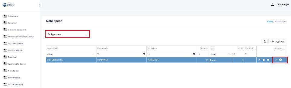 Le note spese con stato “Inviato” (principalmente emesse direttamente dai dipendenti) devono essere approvate dalla ditta prima dell’emissione effettiva, L’incaricato potrà quindi approvare la richiesta con un semplice click sul pulsante
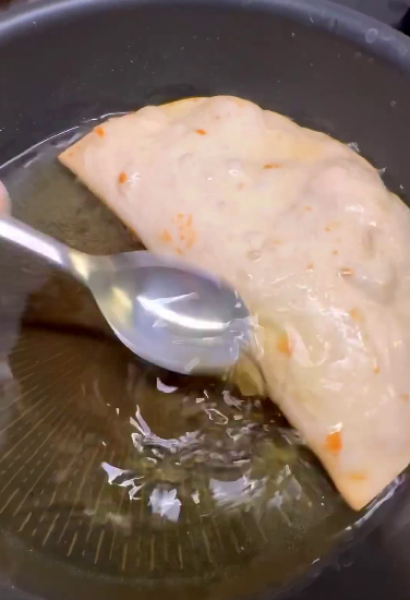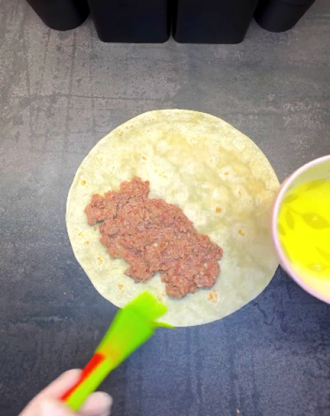 🔻На лаваш викладаємо начинку, краї промазуємо білком і формуємо чебуреки, добре притискаючи краї.
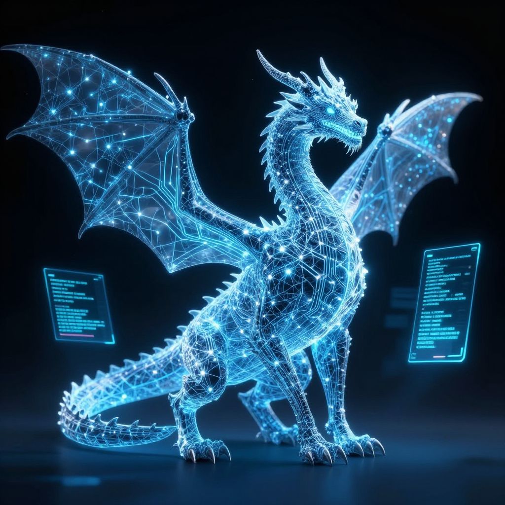 AI dragon generator theme, dragon made of interconnected neural network patterns, glowing circuits tracing wings and tail, floating holographic screens displaying code, dark futuristic background, extraordinary blend of mythic creature and AI technology
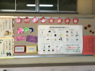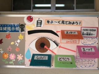 今月の掲示は、保健掲示が10月10日の「眼の愛護デー」にちなんだ眼についての掲示、食育掲示はおやつについてです。わかりやすく工夫された掲示です、子どもたちにしっかり観てほしいです。
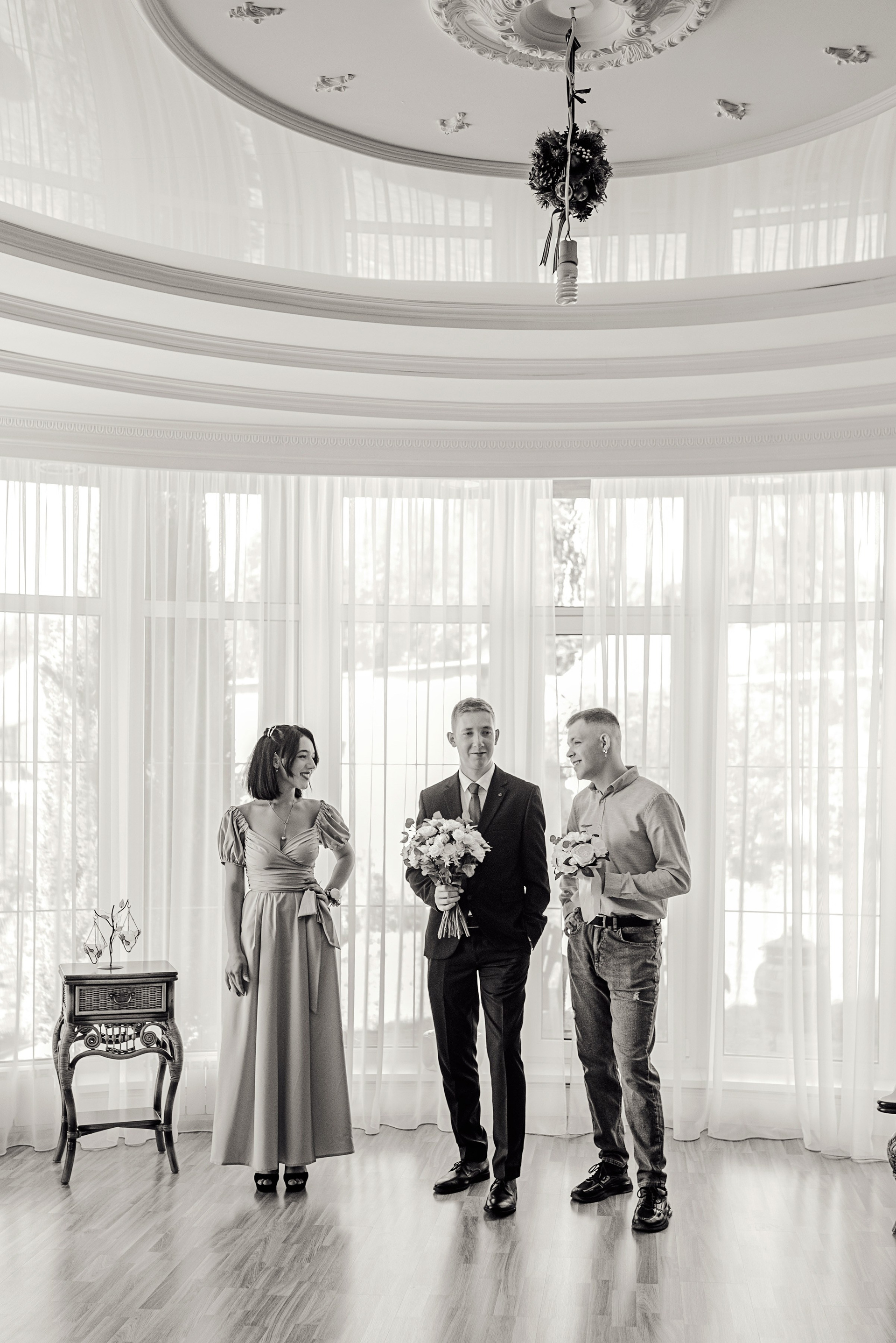 - Тривалість зйомки до 8 годин: розпис та прогулянка, студійна зйомка, збори нареченої/нареченого або банкет.
|---|
Work instructions |
What is needed is an exact transcription of the lines from the one holding "добре притискаючи краї." to the end of the data, with every picture left out.

Answer box |
 🔻На лаваш викладаємо начинку, краї промазуємо білком і формуємо чебуреки, добре притискаючи краї.
 AI dragon generator theme, dragon made of interconnected neural network patterns, glowing circuits tracing wings and tail, floating holographic screens displaying code, dark futuristic background, extraordinary blend of mythic creature and AI technology
 今月の掲示は、保健掲示が10月10日の「眼の愛護デー」にちなんだ眼についての掲示、食育掲示はおやつについてです。わかりやすく工夫された掲示です、子どもたちにしっかり観てほしいです。
 - Тривалість зйомки до 8 годин: розпис та прогулянка, студійна зйомка, збори нареченої/нареченого або банкет.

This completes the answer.